■ **EXERCISE REQUIREMENTS**
With the pictures omitted, print exactly the lines below, from the one containing "社員のご家族にも参加していた" through the one containing "Download the free", and nothing else.

■ **RECORDS PROVIDED**

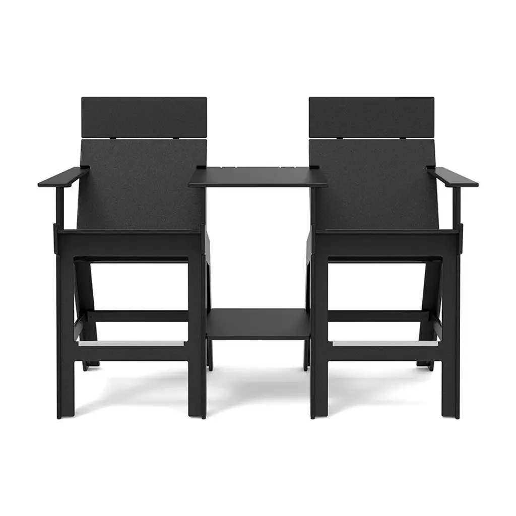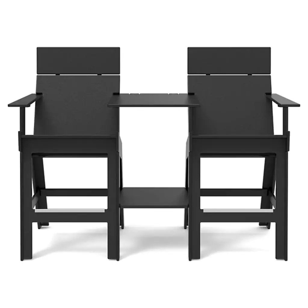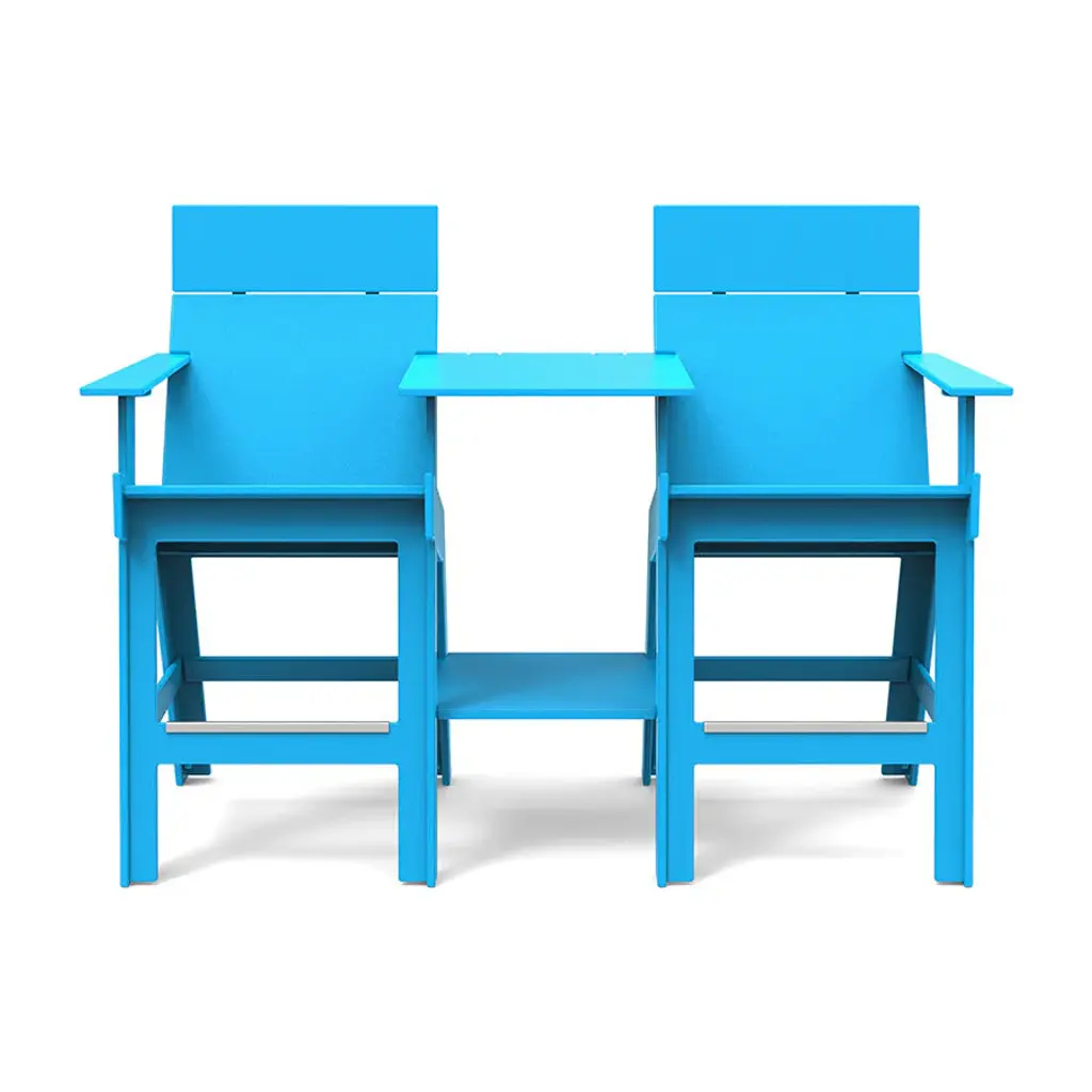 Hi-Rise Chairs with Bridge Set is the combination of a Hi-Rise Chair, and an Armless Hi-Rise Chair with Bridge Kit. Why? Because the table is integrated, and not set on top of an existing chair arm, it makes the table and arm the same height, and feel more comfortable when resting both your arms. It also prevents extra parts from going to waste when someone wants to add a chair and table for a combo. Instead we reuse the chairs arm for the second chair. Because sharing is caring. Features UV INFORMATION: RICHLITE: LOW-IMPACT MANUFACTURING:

...

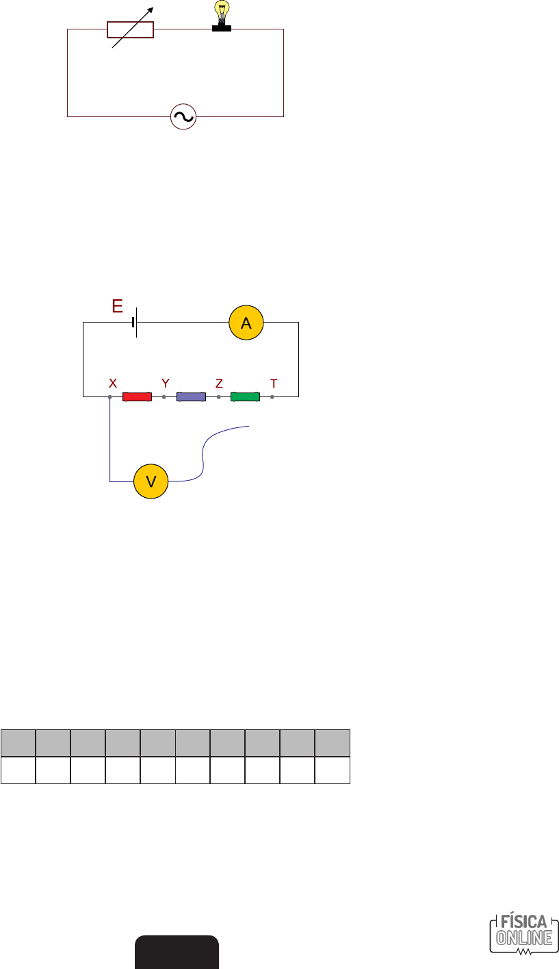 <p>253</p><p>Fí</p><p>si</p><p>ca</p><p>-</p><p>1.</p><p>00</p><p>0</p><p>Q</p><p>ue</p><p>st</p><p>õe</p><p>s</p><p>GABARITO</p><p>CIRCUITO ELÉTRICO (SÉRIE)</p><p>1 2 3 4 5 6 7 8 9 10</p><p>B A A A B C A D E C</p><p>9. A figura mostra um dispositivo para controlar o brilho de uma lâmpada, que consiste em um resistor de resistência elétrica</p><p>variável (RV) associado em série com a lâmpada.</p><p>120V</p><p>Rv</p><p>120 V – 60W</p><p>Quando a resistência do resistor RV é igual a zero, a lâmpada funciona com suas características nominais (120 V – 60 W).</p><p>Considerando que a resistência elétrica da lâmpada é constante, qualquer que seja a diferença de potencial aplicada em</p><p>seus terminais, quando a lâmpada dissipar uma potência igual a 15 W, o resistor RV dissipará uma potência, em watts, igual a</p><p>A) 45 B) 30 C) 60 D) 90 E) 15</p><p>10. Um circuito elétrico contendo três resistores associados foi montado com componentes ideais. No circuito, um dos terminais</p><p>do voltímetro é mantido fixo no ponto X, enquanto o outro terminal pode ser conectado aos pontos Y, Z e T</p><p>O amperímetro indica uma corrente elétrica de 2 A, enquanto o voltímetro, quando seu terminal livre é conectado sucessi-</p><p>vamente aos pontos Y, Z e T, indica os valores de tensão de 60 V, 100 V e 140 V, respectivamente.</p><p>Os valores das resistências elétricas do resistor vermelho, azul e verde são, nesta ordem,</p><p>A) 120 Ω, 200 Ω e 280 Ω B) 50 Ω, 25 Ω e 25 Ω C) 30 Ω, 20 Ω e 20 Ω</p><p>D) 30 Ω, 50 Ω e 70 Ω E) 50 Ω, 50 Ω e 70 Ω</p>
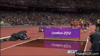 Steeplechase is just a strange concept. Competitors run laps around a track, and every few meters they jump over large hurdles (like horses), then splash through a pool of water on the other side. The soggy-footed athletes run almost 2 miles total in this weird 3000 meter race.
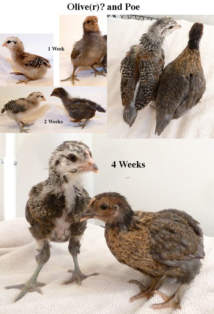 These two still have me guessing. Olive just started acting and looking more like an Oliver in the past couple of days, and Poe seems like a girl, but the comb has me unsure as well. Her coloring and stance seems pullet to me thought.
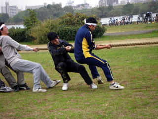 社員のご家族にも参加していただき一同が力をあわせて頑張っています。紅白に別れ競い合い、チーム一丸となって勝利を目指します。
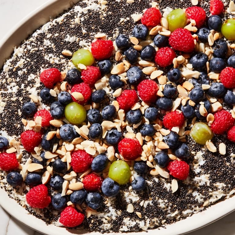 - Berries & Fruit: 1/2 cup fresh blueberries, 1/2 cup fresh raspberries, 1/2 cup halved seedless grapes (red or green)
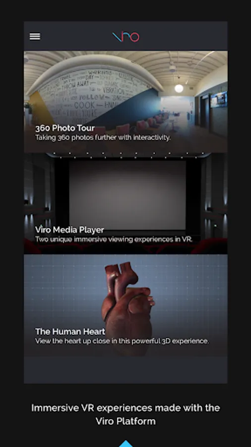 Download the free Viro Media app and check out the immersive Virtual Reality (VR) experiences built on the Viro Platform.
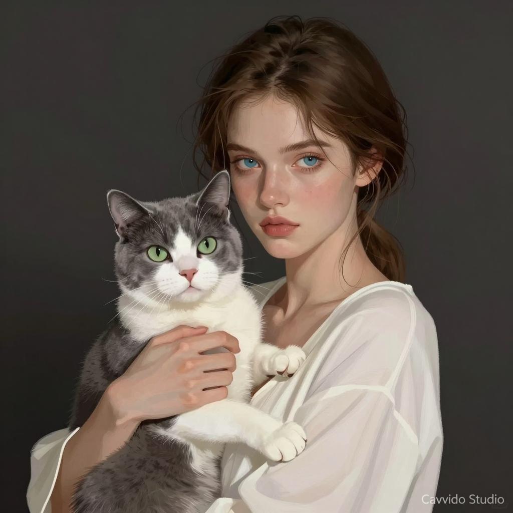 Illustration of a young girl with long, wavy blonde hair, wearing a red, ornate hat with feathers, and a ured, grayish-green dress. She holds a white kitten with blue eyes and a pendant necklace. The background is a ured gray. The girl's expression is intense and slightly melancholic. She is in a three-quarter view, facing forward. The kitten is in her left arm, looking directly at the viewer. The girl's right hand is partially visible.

■ **RESULT FOR THIS EXERCISE**
 社員のご家族にも参加していただき一同が力をあわせて頑張っています。紅白に別れ競い合い、チーム一丸となって勝利を目指します。
 - Berries & Fruit: 1/2 cup fresh blueberries, 1/2 cup fresh raspberries, 1/2 cup halved seedless grapes (red or green)
 Download the free Viro Media app and check out the immersive Virtual Reality (VR) experiences built on the Viro Platform.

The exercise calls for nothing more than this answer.